#### [Try it]
The reply should hold only the lines from the one with "Mwenyekiti wa UWT" to the one with "Ozzy gave his", both ends kept, exactly as they appear below, without any pictures.
---- Extracted data
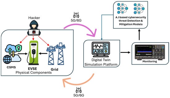 In 5G/6G environments, the inherent risks are intensified by features such as ultra-low latency, high device density, and distributed edge computing. These characteristics necessitate the development and deployment of advanced and adaptive security mechanisms to effectively address the associated challenges []. In the face of these emerging challenges, Digital Twin (DT) technology has emerged as a transformative concept with the potential to redefine cybersecurity approaches within cyber–physical infrastructures such as EVCS. A DT is a high-fidelity, real-time virtual model of a physical system that maintains synchronization with its physical counterpart through continuous data exchange, as illustrated in Figure 1 [].
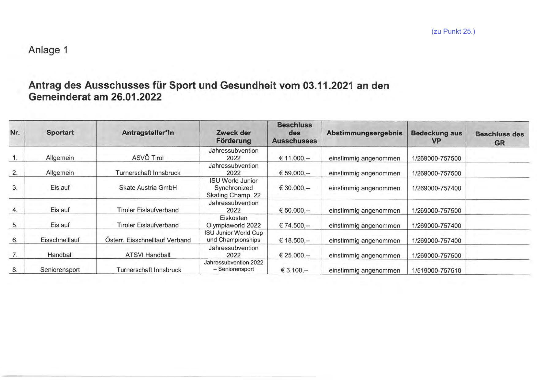 Antrag des Ausschusses für Sport und Gesundheit vom 03.11.2021 an den
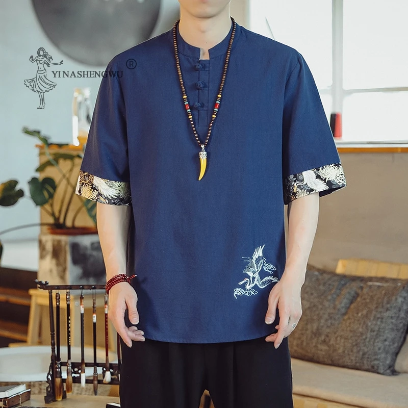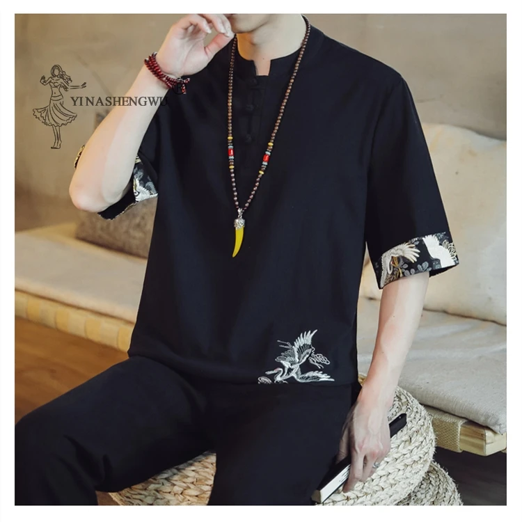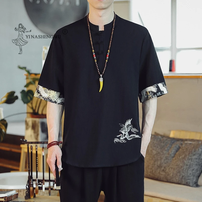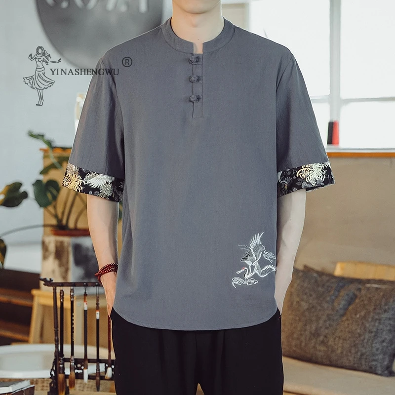 Кимоно мужское, рубашка с коротким рукавом и вышивкой, в японском стиле Харадзюку, юката, костюмы с кардиганом
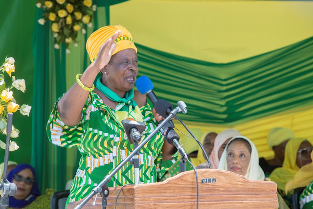 Mwenyekiti wa UWT Taifa Gaudensia Kabaka akihutubia kwenye Kongamano la UWT la kumpongeza Rais wa Zanzibar na Mwenyekiti wa Baraza la Mapinduzi Dkt. Ali Mohamed Shein kwa utekelezaji wa ilani ya uchaguzi ya Chama Cha Mapinduzi lililofanyika kwenye hotel ya Verde. (Picha na Ofisi ya Makamu wa Rais)
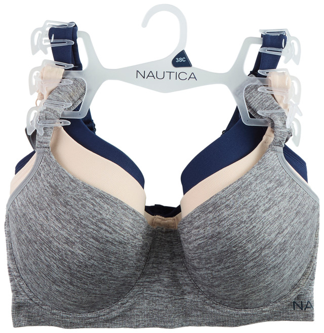 Experience everyday comfort with the Womens 3-Pack Seamless Molded Bras. Featuring adjustable straps, soft padded cups, and a smooth, seamless design, these bras provide a flattering fit in assorted color. Fabrication 60% nylon, 32% polyester, 8% spandex
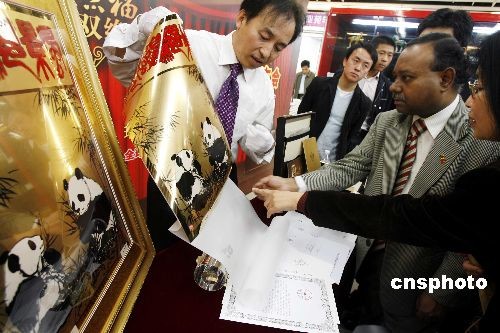 2008年10月28日,北京百萬莊圖書大廈,純金鑄造的熊貓國畫首次與觀眾見面,吸引了許多中外人駐足觀看。據(jù)了解,這幅金畫是以我國書畫大師吳作人的熊貓圖為藍本,用足金金箔為載體,按照1:1比例打造的。中新社發(fā) 郭鐵流 攝
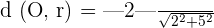 Calculate the distance between the line r whose equation is 2x + 5y + 2 = 0 and origin O.
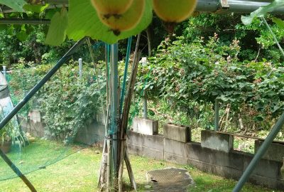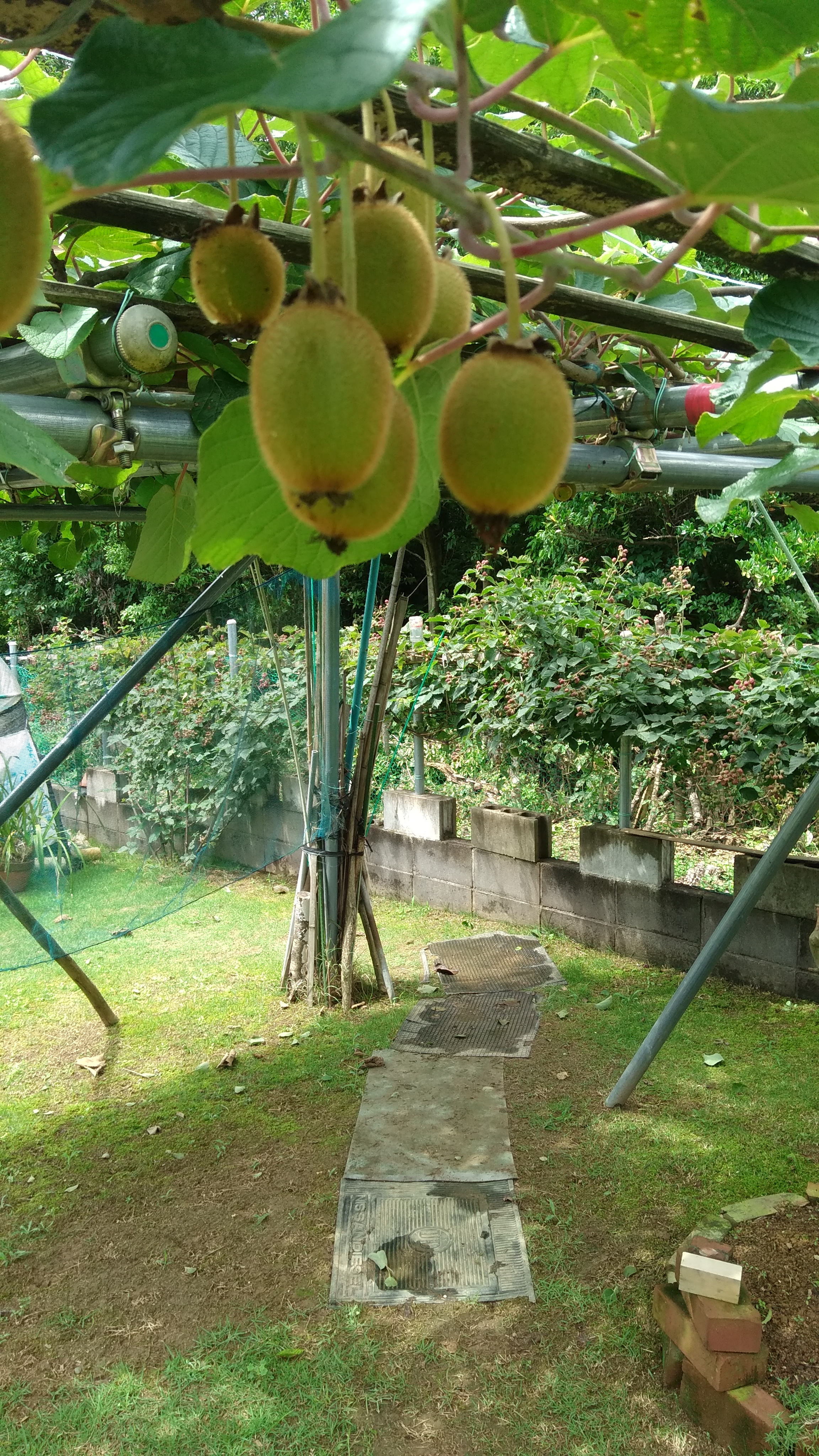 キウィは、今年初めて実をつけたそうです。かわいらしい実がブラ♪ブラ♪
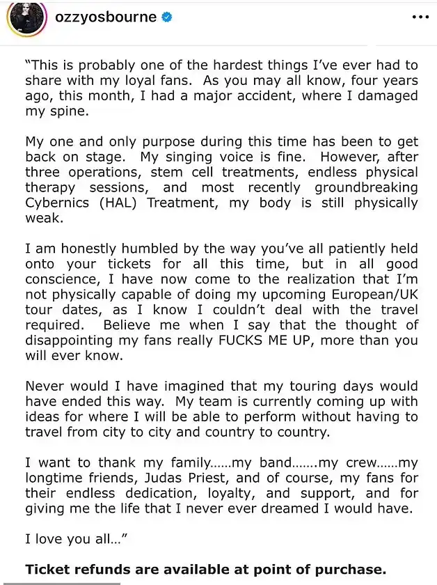 Ozzy gave his audience a moving statement expressing his sadness at the prospect of letting them down.
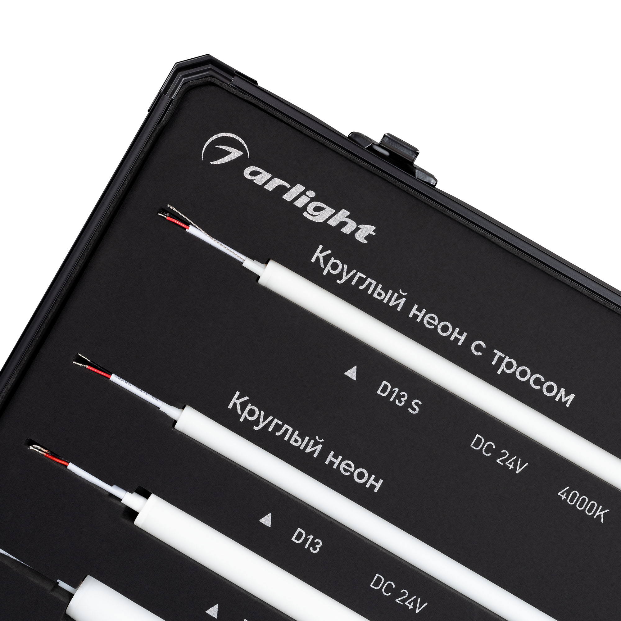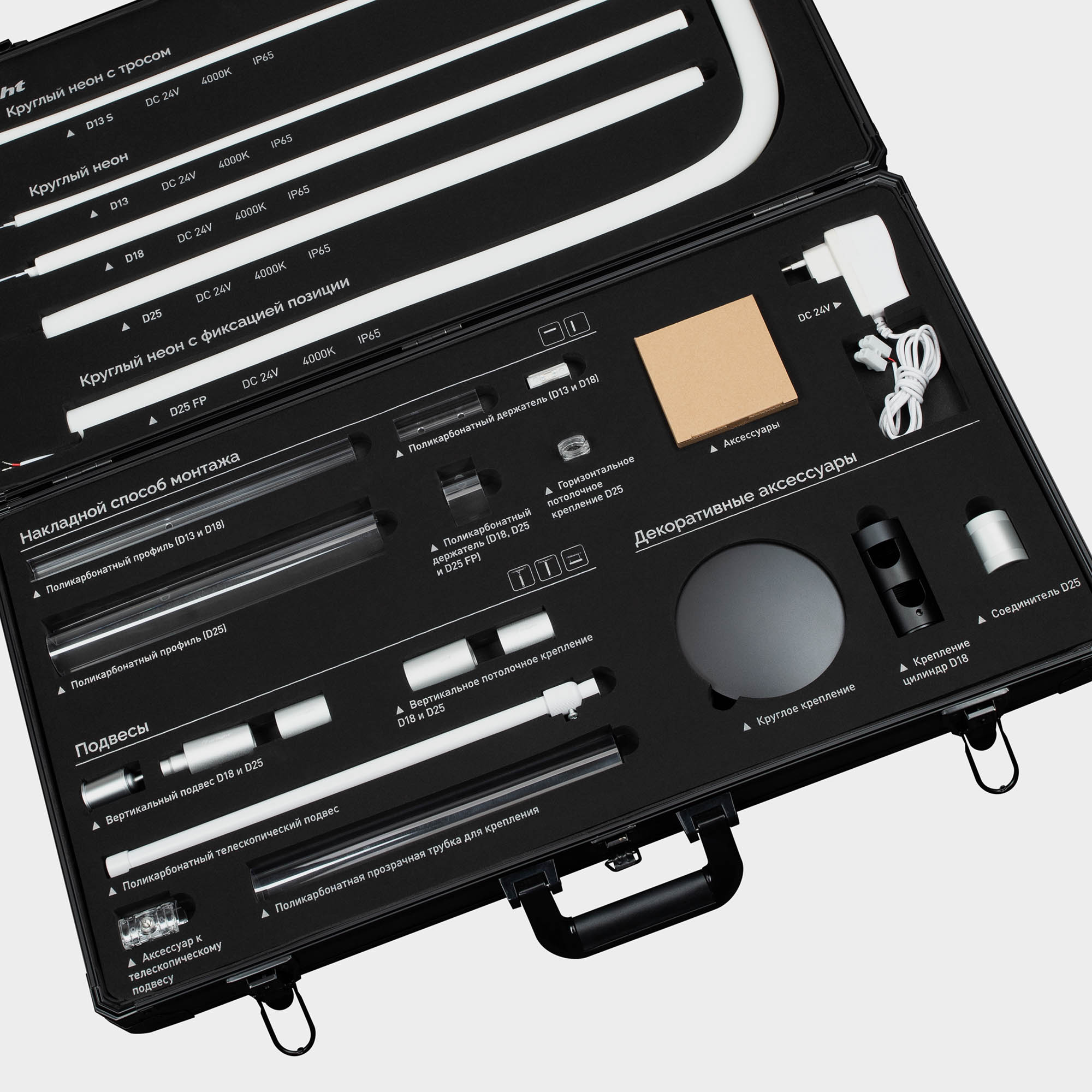 Демо-кейс для демонстрации различных вариаций круглого неона MOONLIGHT c возможностью подключения герметичных лент к сети. В комплекте демо-кейс, пять образцов неона (D13, D13 с тросом, D18, D25 и D25 с фиксацией позиции), блок питания на 230В, аксессуары для круглого неона. Материал: Металл, пластик, вспененный полиуретан. Размеры: 691×378×125 мм.
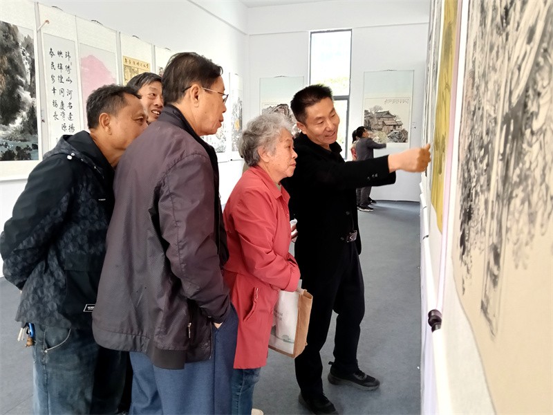 近日,资源县举办经贸文化系列活动,广大政协委员积极参与其中,志愿担当讲解员、宣传员和特色产品促销员等,为助推发展贡献力量。图为县政协委员在书画展上为群众讲解资源县书画艺术发展特色及所取得的成果。舒小芩/摄
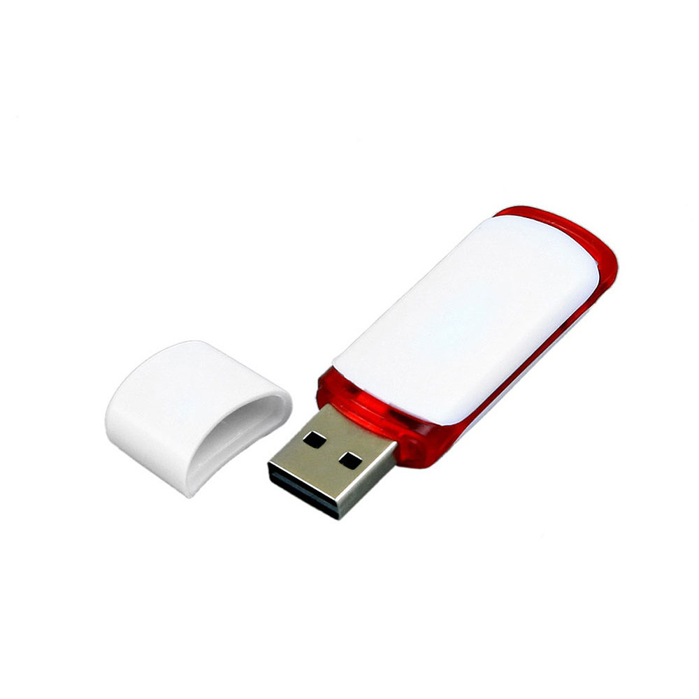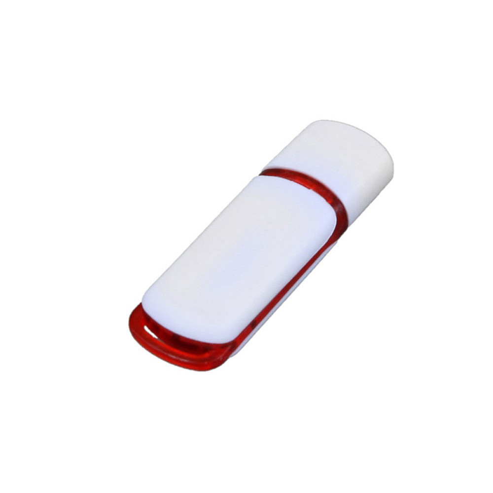 Флешка промо прямоугольной классической формы с цветными вставками, 64 Гб, белый/красный
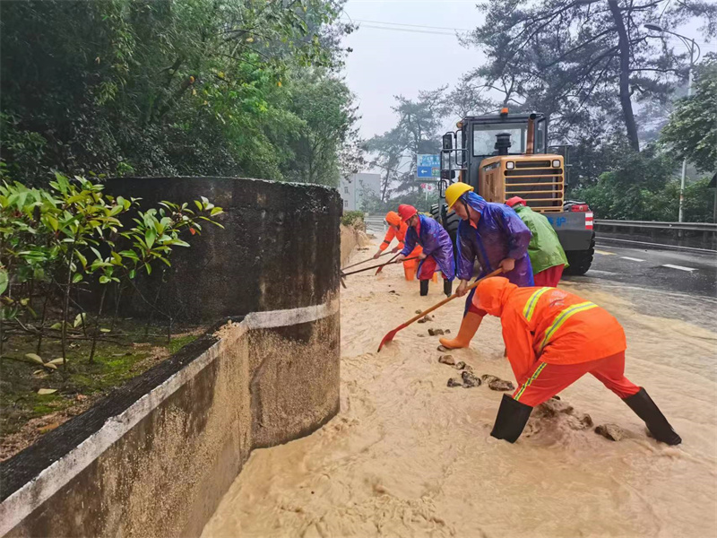 6月13日下午,闽清公路人在S308线云龙乡潭口村路段疏通边沟积水(省交通厅供图)
--------
#### [Written answer]
 Mwenyekiti wa UWT Taifa Gaudensia Kabaka akihutubia kwenye Kongamano la UWT la kumpongeza Rais wa Zanzibar na Mwenyekiti wa Baraza la Mapinduzi Dkt. Ali Mohamed Shein kwa utekelezaji wa ilani ya uchaguzi ya Chama Cha Mapinduzi lililofanyika kwenye hotel ya Verde. (Picha na Ofisi ya Makamu wa Rais)
 Experience everyday comfort with the Womens 3-Pack Seamless Molded Bras. Featuring adjustable straps, soft padded cups, and a smooth, seamless design, these bras provide a flattering fit in assorted color. Fabrication 60% nylon, 32% polyester, 8% spandex
 2008年10月28日,北京百萬莊圖書大廈,純金鑄造的熊貓國畫首次與觀眾見面,吸引了許多中外人駐足觀看。據(jù)了解,這幅金畫是以我國書畫大師吳作人的熊貓圖為藍本,用足金金箔為載體,按照1:1比例打造的。中新社發(fā) 郭鐵流 攝
 Calculate the distance between the line r whose equation is 2x + 5y + 2 = 0 and origin O.
 キウィは、今年初めて実をつけたそうです。かわいらしい実がブラ♪ブラ♪
 Ozzy gave his audience a moving statement expressing his sadness at the prospect of letting them down.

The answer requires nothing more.